Children: The other victims of domestic violence

by Beth Duncan
USAG Heidelberg

October is National Domestic Violence Awareness Month. It’s a time to commemorate the lives of victims and to raise awareness about the issue.

The goal is to educate the public about the effects of domestic violence on families and to find ways to work together to promote safety and eliminate domestic violence in our communities.

The exact numbers aren’t clear, but between 3 and 4 million children in the United States are also at risk for being exposed to abuse of a parent or adult in their homes. A number of studies have shown that children in these situations are significantly more likely to suffer from direct abuse or neglect by their caregivers.

Many adults who live in an environment where domestic abuse occurs may think their children are unaware of the violence, but the fact is 80 to 90 percent of children who live in these homes are aware of the violence. Possibly more disturbing is the fact children can suffer just as much by witnessing the violence between adults in their families, even if they aren’t directly involved. This may include seeing the abuse occur, hearing it, or even by witnessing the aftermath of abuse and being aware of the tension and fear in the home.

How a child reacts or is effected will depend on a lot of different factors, including his or her age, personality, culture, gender, the severity and/or duration of the abuse.
A safe and secure home environment is one of the most important things we can provide for our children’s healthy development.

Witnessing violence between adults who children love and depend on can be very confusing for children and in many cases terrifying. While symptoms and effects vary, children who witness domestic violence may become anxious or depressed. Many experience difficulty sleeping or sleep disturbances, such as nightmares, flashbacks and bedwetting. Some children act out or display out-of-control behavior, while others become withdrawn. Physical symptoms, like stomach upsets and pain, headaches, fatigue and other illnesses are also common. In some cases, children who witness domestic violence are more likely to practice self-mutilation, such as cutting. They are also more likely to engage in high-risk play or activities and to experience eating disorders.

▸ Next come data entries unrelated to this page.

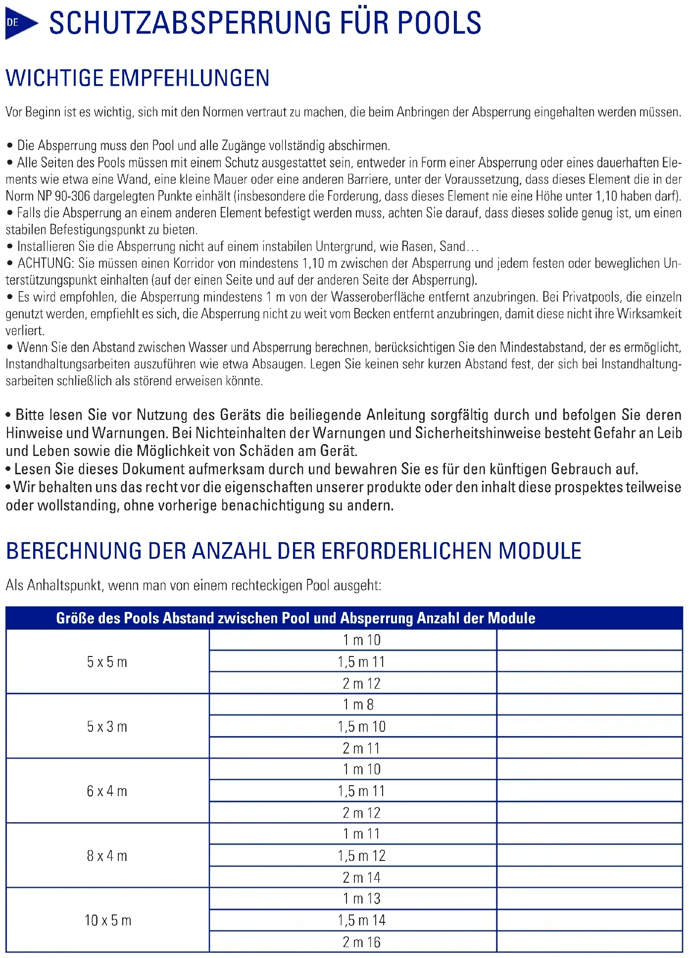 - Alle Seiten des Pools müssen mit einem Schutz ausgestattet sein, entweder in Form einer Absperrung oder eines dauerhaften Ele- ments wie etwa eine Wand, eine kleine Mauer oder eine anderen Barriere, unter der Voraussetzung, dass dieses Element die in der Norm NP 90-306 dargelegten Punkte einhält (insbesondere die Forderung, dass dieses Element nie eine Höhe unter 1,10 haben darf).
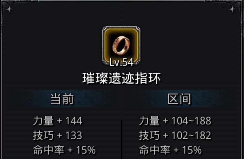 tip&数量需求:璀璨遗迹指环作为物理系输出职业堆命中提输出的必需品,可以减少城主对蓝宝石戒指的需求,帮助缓解法师队没有命中的压力,需求量很大,个人推荐:6个及以上(前中后期,开到就不要分解,大后期,过了图18以后好装备会很多,璀璨指环需求量减少,留6~8个打打遗迹应该也够了,)
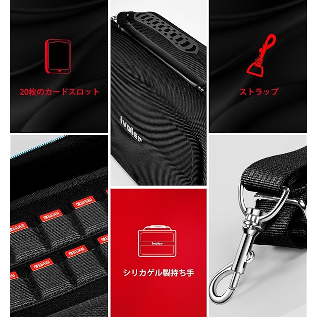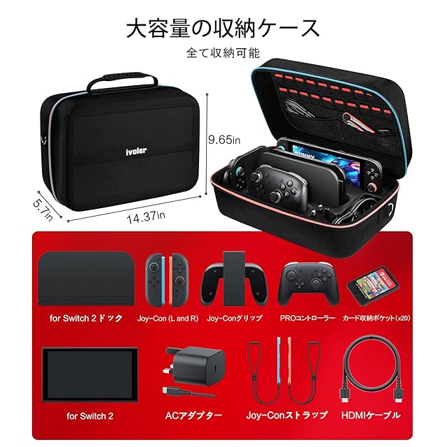 【Switch 2 モデル対応】 iVoler Switch 2 ケース スイッチ ケース 収納 防水 防塵 防汚 耐衝撃 全面保護 大容量 な収納力 持ち運び便利 ポーチ コントローラー/カード/ドック/ケーブル全部収納可能,ブラック

Socially, living in a violent home can be very isolating for children, who may not want to bring friends home or may feel like they have to cover up their home situation with friends or relatives. Kids who grow up in hostile, violent environments often have poor anger management and problem solving skills. Some kids will become extremely passive, while others may become extremely aggressive.

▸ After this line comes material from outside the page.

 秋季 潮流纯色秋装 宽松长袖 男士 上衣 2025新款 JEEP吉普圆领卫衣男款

They may have a difficult time trusting other people, and they have a higher likelihood of becoming involved in unhealthy relationships as a perpetrator or victim themselves. Some of the effects of growing up in an environment with domestic violence can be long term. Not all children repeat the pattern when they grow up. Many are committed to not making the same mistakes they saw their parents make. However, our behavior as adults has a significant impact on our children. They learn much more from our example than they do from our words.

If children grow up in an environment where violence and intimidation are used as a means of control, they will often learn this is an appropriate way to manipulate another person. Boys, especially, who witness the abuse of their mothers by a father figure are more likely to repeat the violence in their teen and adult relationships. Kids may even lose respect for the abused parent and become abusive themselves.
If you know of children who are witnessing an abusive or violent

relationship in their home, it’s important to get help for the family. The best way to ensure the safety and well-being of the children may be to help ensure the safety of their abused parent.

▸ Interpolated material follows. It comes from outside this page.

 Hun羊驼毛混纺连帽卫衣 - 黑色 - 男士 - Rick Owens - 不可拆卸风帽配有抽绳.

The reporting point of contact for both domestic violence and child abuse is the military police station, especially if you fear there is an adult or child in immediate danger.

The installation victim advocate coordinator can also explain the resources and reporting options available to a victim. The victim advocate coordinator for Heidelberg is Tangela Calhoun, 0170-609-2862; for Mannheim is Corina Torres, 0151-562-86442; and for Kaiserslautern is Linda Gilbert, 0151 57605409.